Secondo l’Istat, le imprese italiane nate nel 2011 sono state circa 265mila, 389 in meno rispetto al 2010. Il tasso di natalità si attestava al 6,7%, il più basso registrato negli ultimi sei anni insieme a quello dell’anno precedente, mentre il tasso di mortalità era all’8%.
In questo conteggio, però, erano comprese tanto quelle individuali, quanto i lavoratori autonomi e i liberi professionisti, quanto le imprese italiane con dipendenti; queste ultime erano poco meno di 133.500, ma con la loro dinamica demografica era sorprendentemente positiva: il tasso di natalità era del 9,1%, mentre il tasso di mortalità si attestava all’8,4%.
Delle imprese italiane nate nel 2010, a fine 2011 l’83,1% era ancora attivo (ma nel 2010 erano l’85,8%).
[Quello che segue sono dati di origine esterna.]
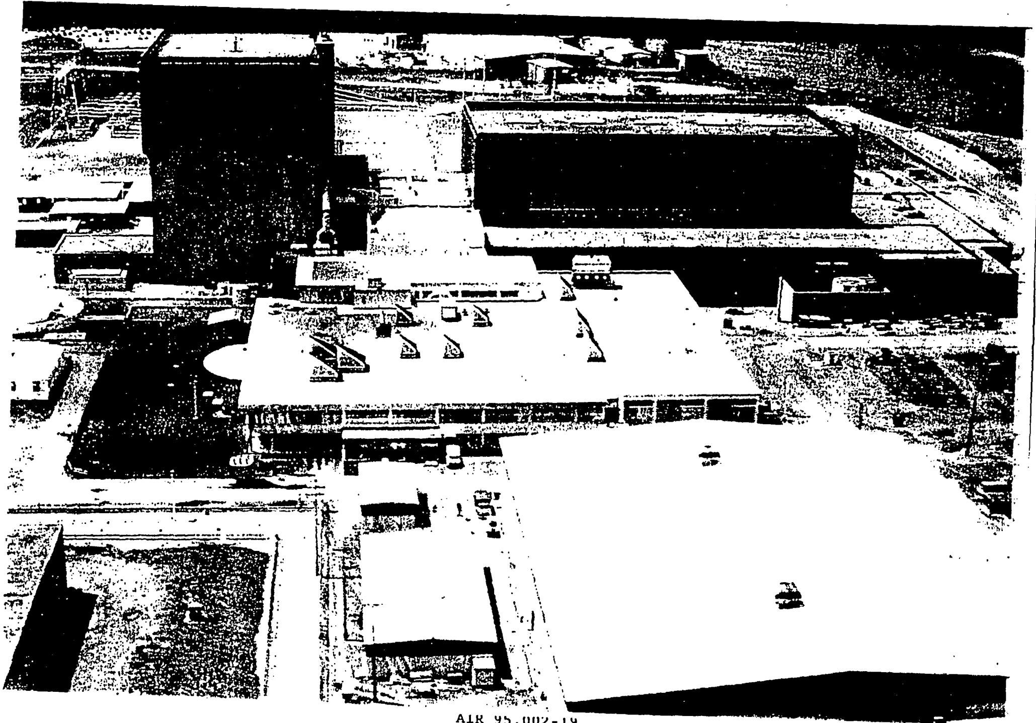
AIR 95.002-19 JULY 21, 1995 EAST SIDE OF JAF PLANT HYPA JAF PHOTO LAB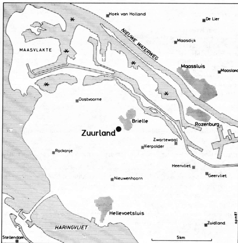
Fig. 1. Map showing the location of the Maasvlakte area, borehole Zuurland, and the places (*) where the sediments used for the creation of the Maasvlakte were obtained by suction-dredging.

is fragmentary, caused by the way in which the fossiliferous sediments were obtained and transported to the Maasvlakte.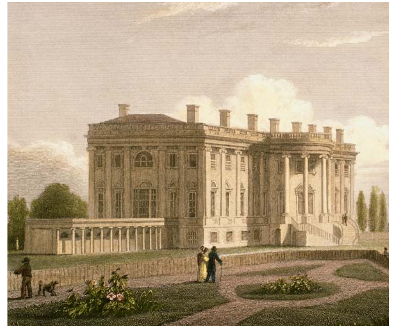
This engraving from around 1850 shows how the White House used to be open to the general public. Today, an iron fence surrounds the building.

If Thomas Jefferson, John Adams, and Andrew Jackson had been alive in 2009, they would have been shocked. In their day, only rulers of foreign countries—not the president of the United States—had bodyguards . In fact, the door to the White House was rarely locked. Anyone could pop in, and many did just that. In the early days of the United States, people came by to chat or to share a cup of tea with the First Lady and president. Others came looking for a job or a special favor.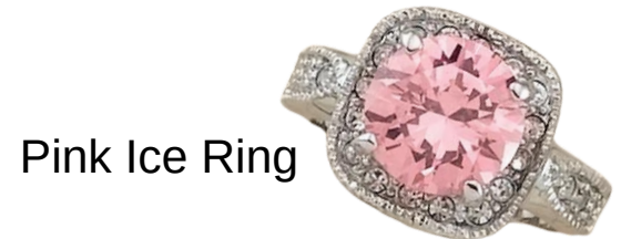
Pink Ice Ring

Add 3 team members who place their first order.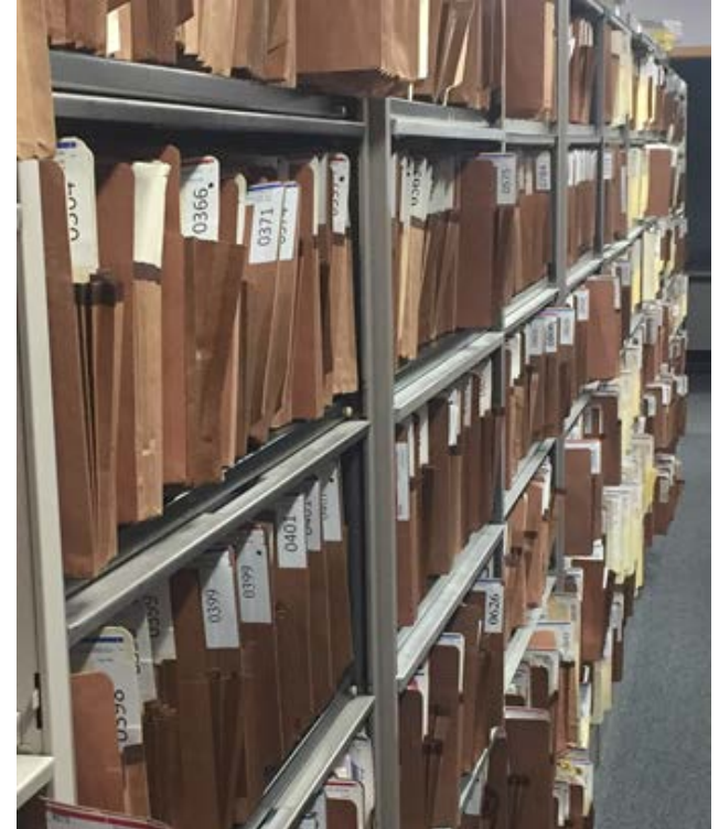
Current file storage system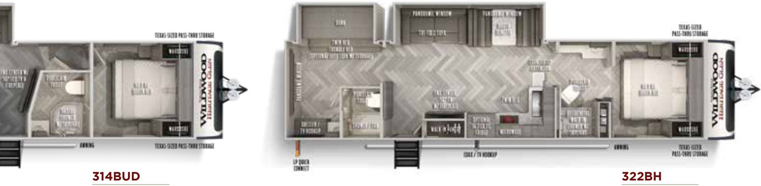
Weight: 8,354 lbs Length: 39'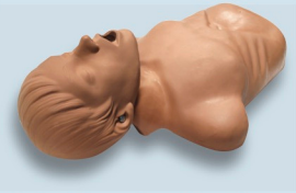
AED Plus Trainer Demo Manikin Part# 8000-0835-01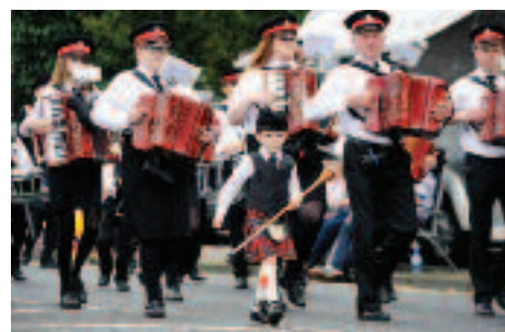
Stepping out in style.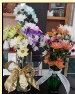
Bouquets of fresh flowers are sent to ill members.

The Senior Group has been blessed with generous contributions by private donors and many organizations like the CRR Lions Club, Steel Stampede, The ATV Group, also, the CRR Golfers.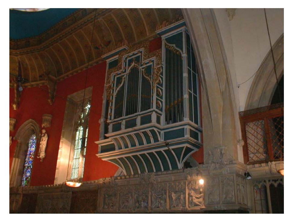
The Scott casing over the south side of the Sanctuary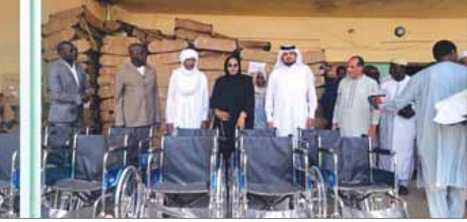
The handover ceremony took place at the Pharmaceutical Procurement Centre (Centrale Pharmaceutique d'Achat) in N'Djamena.

Qatar Charity (QC) has delivered a significant consignment of medical equipment to Chad's Ministry of Public Health, reinforcing efforts to improve healthcare and social services for the country's most vulnerable communities. The aid, funded by generous donors in Qatar, includes 1,200 blood pressure monitors and 600 wheelchairs. The handover ceremony took place at the Pharmaceutical Procurement Centre (Centrale Pharmaceutique d'Achat) in N'Djamena, attended by Dr Abdelmajid Abdelrahim, Minister of Public Health; Zara Mahamat Issa, Minister of Social Welfare; and Lt Gen Issakha Maloua Djamous, Minister of National Defence and Veterans, alongside representatives from the Embassy of Qatar and QC's Chad office. The initiative underscores QC's commitment to strengthening Chad's health institutions, fostering effective partnerships that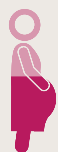
Women giving birth for the first time

53% of women giving birth for the first time were definitely given enough information from a midwife or doctor about where to have their baby ,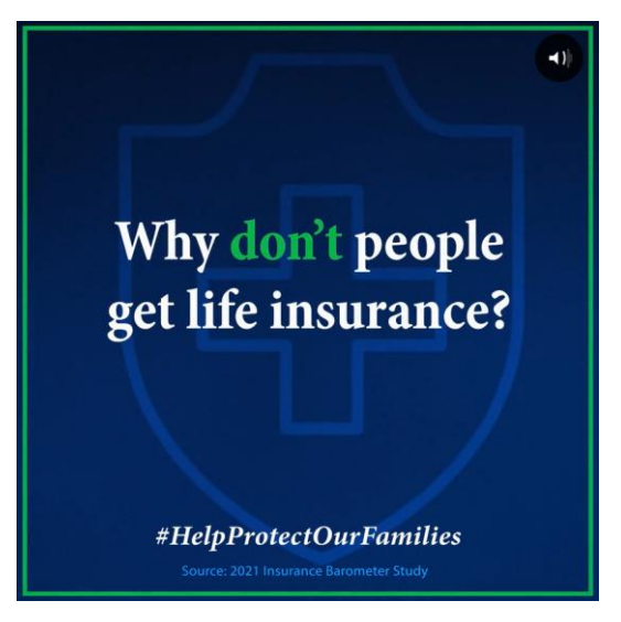
Click for animated social media post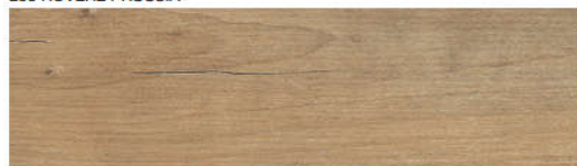
254 ROVERE SLAVONIA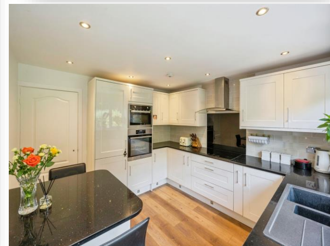
Moorland View, Wath-Upon-Dearne Rotherham S63 6DH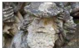
FRANCISCO DE ARRUDA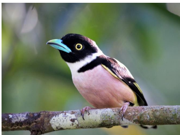
Black-and-yellow Broadbill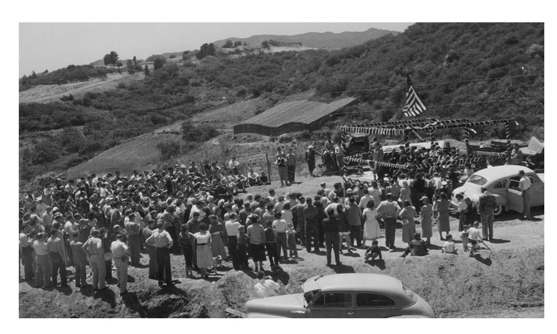
Crestwood Hills groundbreaking with a plant nursery in the background.

after the Association deemed the plans too modern. They returned with fifteen additional plans for modestly priced houses designed with a simple exposed structure and materials. The architects presented a booklet, "Mutual Plans," consisting of twenty-eight house designs, to the Association in 1948. The Association then began a series of meetings to determine which houses it would select as models for the development. Eventually, eight of the plans were constructed.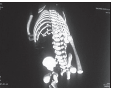
are the two widely accepted theories of forming conjoint twins.<sup>2</sup>

It is thought that vascular compromise causes tissue of the parasitic twin to become dependent on collaterals derived from the autosite. Compromised portion of the parasite undergoes selective ischaemic atrophy.<sup>2</sup>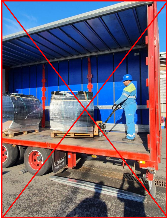
Open side: use pallet truck not allowed

⊘ Working at height without suitable fall protection.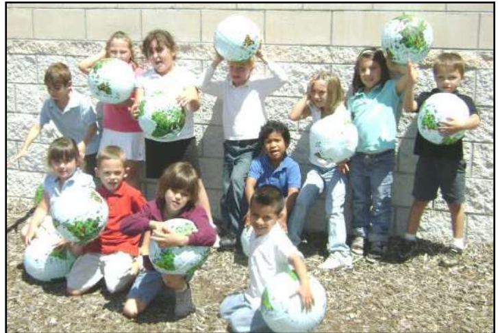
To help celebrate the 40 th anniversary of Earth Day, Pre-K and Kindergarten spent some time collecting trash around the school campus. According to Ms. Ryan, they collected 14 pounds of trash.

Erano di più nell’industria (88,4%), meno nel settore degli altri servizi (80,6%) e delle costruzioni (79,9%).
A tal proposito, l’Istat ricorda come quello delle costruzioni sia stato il settore produttivo con la dinamica demografica più negativa, con un alto tasso di natalità accompagnato a un altissimo tasso di mortalità. Tassi alti che, sottolinea l’Istat, si rilevano soprattutto tra le imprese italiane del Sud e delle Isole.
L’Istat si sofferma poi sulle cosiddette imprese “high-growth”, le imprese italiane con un alto tasso di crescita; imprese che nascono con almeno 10 dipendenti e, in tre anni consecutivi, fanno registrare una crescita media annua in termini di dipendenti e/o di fatturato superiore al 20%.
Ebbene, secondo l’Istat la percentuale delle imprese high-growth sul totale delle imprese italiane è calato, rispetto al 2010, dello 0,1%. Dato incoraggiante: la percentuale più alta di imprese high-growth è nel Sud e nelle Isole (rispettivamente 3,3% e 3).